Acquisition
Babcock International Group PLC
10 May 2007
This announcement is not for release, publication or distribution, directly or
indirectly, in or into the United States, Canada, South Africa, Australia, Japan
or any jurisdiction in which the same would be unlawful. This announcement is
not an offer of securities in the United States, Canada, South Africa,
Australia, Japan or any jurisdiction in which the same would be unlawful.
Babcock International Group PLC
10 May 2007
Babcock International Group PLC ('Babcock' or the 'Company')
Acquisition of Devonport Management Limited
The board of directors of Babcock (the 'Board') today announces that Babcock has
entered into an agreement (the 'Acquisition Agreement') for the acquisition of
Devonport Management Limited ('DML') (the 'Acquisition') for £350 million.
DML has unique capabilities for the support of nuclear submarines and surface
vessels for the Royal Navy. The combination of DML with Babcock's existing
businesses will create the UK's leading provider of refit and maintenance
services to the Royal Navy's surface ship and submarine fleets.

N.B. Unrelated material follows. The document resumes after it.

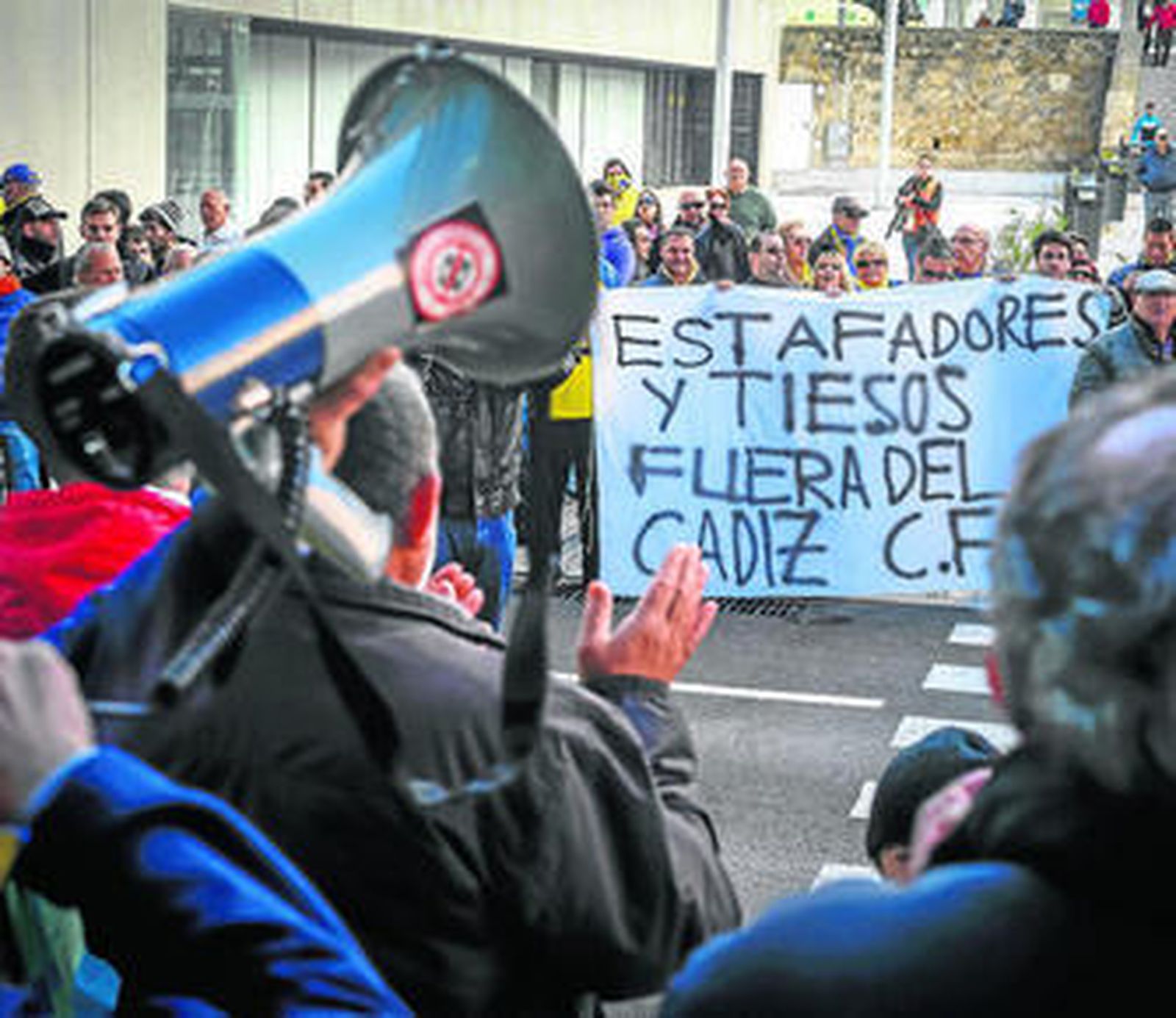 Dos pancartas adornaban la concentración, la dos con leyendas contundentes: Estafadores y tiesos, fuera del Cádiz y Gaucci vete ya. Nadie vio en el Carranza al italiano. No faltaron los cánticos en defensa del Cádiz y en contra de la cabeza visible de Sinergy en la capital gaditana. ¡Con el Cádiz no se juega! ¡El Cádiz no es un capricho! ¡Gaucci vete ya!...

The operations, the principal customer and the technologies of DML are very
familiar to Babcock and the Board believes that there are significant strategic
and financial benefits to be gained from the acquisition of DML in terms of
scale, product offering and position in these markets. These operational
synergies are expected to make the Acquisition significantly earnings enhancing
in the first full financial year of ownership.

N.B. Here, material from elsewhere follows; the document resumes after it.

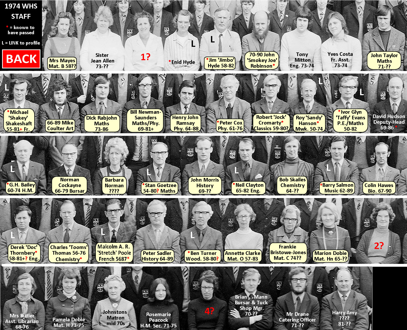 The WHS Story - 1974 Staff on School Photo

Specifically, the Board expects that the Acquisition will:
• position Babcock as the leading supplier of support services to the UK
submarine fleet
• result in Babcock becoming the leading supplier of support to surface
warships of the Royal Navy
• deliver significant operational and financial synergies
• increase the nuclear engineering and support resources expertise within
Babcock
The consideration for the Acquisition of £350 million, which will be paid in
cash on completion, will be satisfied through a combination of committed new
bank debt facilities and the proceeds of a fully underwritten placing of new
ordinary shares to raise approximately £90 million (announced separately today)
(the 'Placing'). The Placing is not conditional on the Acquisition completing.
The Acquisition will be subject to the approval of Babcock's shareholders at an
extraordinary general meeting to be held as soon as practicable and certain
consents required by the selling shareholders from the MoD.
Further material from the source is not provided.